Affects Version/s: Lustre 2.12.8, Lustre 2.15.1
Labels:
None
Environment:
Servers: CentOS 7.9 (3.10.0-1160.49.1.el7.x86_64), Lustre 2.12.8, ZFS 0.8.5
2.12 Clients: CentOS 7.9 (3.10.0-1160.53.1.el7.x86_64), Lustre 2.12.8
2.15 Clients: CentOS 7.9 (3.10.0-1160.76.1.el7.x86_64), Lustre 2.15.1

Severity:
3
Rank (Obsolete):
9223372036854775807

Description

When applying a YAML layout file with extents of 2147483648 or larger, these extents appear as 18446744071562067968. Example:

# lfs setstripe -E 2048M -c 4 -E EOF -c 8 testdir
# lfs getstripe --yaml -d testdir > 2048M.lyl
# cat 2048M.lyl
  lcm_layout_gen:    0
  lcm_mirror_count:  1
  lcm_entry_count:   2
  component0:
    lcme_id:             N/A
    lcme_mirror_id:      N/A
    lcme_flags:          0
    lcme_extent.e_start: 0
    lcme_extent.e_end:   2147483648
    sub_layout:
      stripe_count:  4
      stripe_size:   1048576
      pattern:       raid0
      stripe_offset: -1  component1:
    lcme_id:             N/A
    lcme_mirror_id:      N/A
    lcme_flags:          0
    lcme_extent.e_start: 2147483648
    lcme_extent.e_end:   EOF
    sub_layout:
      stripe_count:  8
      stripe_size:   1048576
      pattern:       raid0
      stripe_offset: -1

# mkdir tst_2048M
# lfs setstripe --yaml 2048M.lyl tst_2048M
# lfs getstripe -d tst_2048M
  lcm_layout_gen:    0
  lcm_mirror_count:  1
  lcm_entry_count:   2
    lcme_id:             N/A
    lcme_mirror_id:      N/A
    lcme_flags:          0
    lcme_extent.e_start: 0
    lcme_extent.e_end:   18446744071562067968
      stripe_count:  4       stripe_size:   1048576       pattern:       raid0       stripe_offset: -1    lcme_id:             N/A
    lcme_mirror_id:      N/A
    lcme_flags:          0
    lcme_extent.e_start: 18446744071562067968
    lcme_extent.e_end:   EOF
      stripe_count:  8       stripe_size:   1048576       pattern:       raid0       stripe_offset: -1

Using "lfs setstripe --copy testdir" instead of "lfs setstripe --yaml 2048M.lyl" works as intended. Ending the first component at 2047M works with either method.

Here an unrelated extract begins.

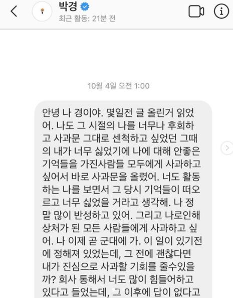 공개된 사진 속에는 박경이 A씨에게 보낸 사과의 메시지가 캡처돼있다. 사진 속 박경은 “나 이제 곧 군대에 가. 이 일이 있기 전에 정해져 있었는데, 그 전에 괜찮다면 내가 진심으로 사과할 기회를 줄 수 있을까?”라며 A씨에게 만남을 청했다.
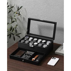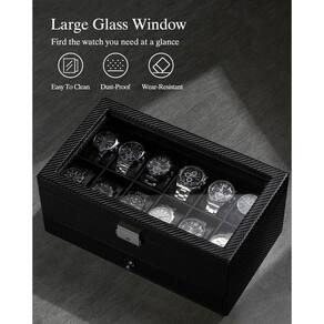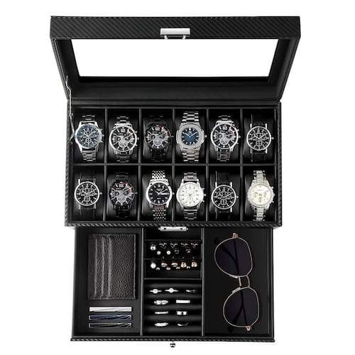 GUKA Caixa de relógio, caixa de relógio com 12 compartimentos, capas de relógio para homens com tampa de vidro real, armazenamento organizador de relógio de couro sintético com caixa de joias, aniversário para homens e mulheres, preta - [Camada dupla]: na camada superior da caixa de joias, há 12 compartimentos para relógio com almofadas de veludo removíveis. E na camada inferior, há uma área adequada para suas abotoaduras, colares, pulseiras, brincos, broches, óculos de sol e quaisquer outras joias e pertences - [Artesanato de alta qualidade]: feita de couro sintético preto de qualidade e veludo macio, esta caixa de joias é superexcelente para proteger suas amadas joias de arranhões e danos - [Tampa de vidro real grande]: a tampa de vidro real protege seus relógios contra poeira, oferece uma visão aberta dos relógios exibidos. Esta pode ser uma exibição perfeita do seu relógio - Ótimo presente: dê a seus amigos e familiares um presente que eles vão adorar. Esta caixa de relógio é ideal para profissionais, empresários, amantes de joias e todos os outros - [Ainda não satisfeito]: nossa equipe de serviço está sempre à sua disposição - então não espere mais e leve esta nova caixa de relógio a caminho de sua casa hoje

Unfortunately, I did not catch this in time and several files were restriped with similar insane layouts. Attempts to re-stripe them properly occasionally trigger kernel panics on the metadata server. Here is one of the early ones, which would happen immediately after the MDS recovered after reboot.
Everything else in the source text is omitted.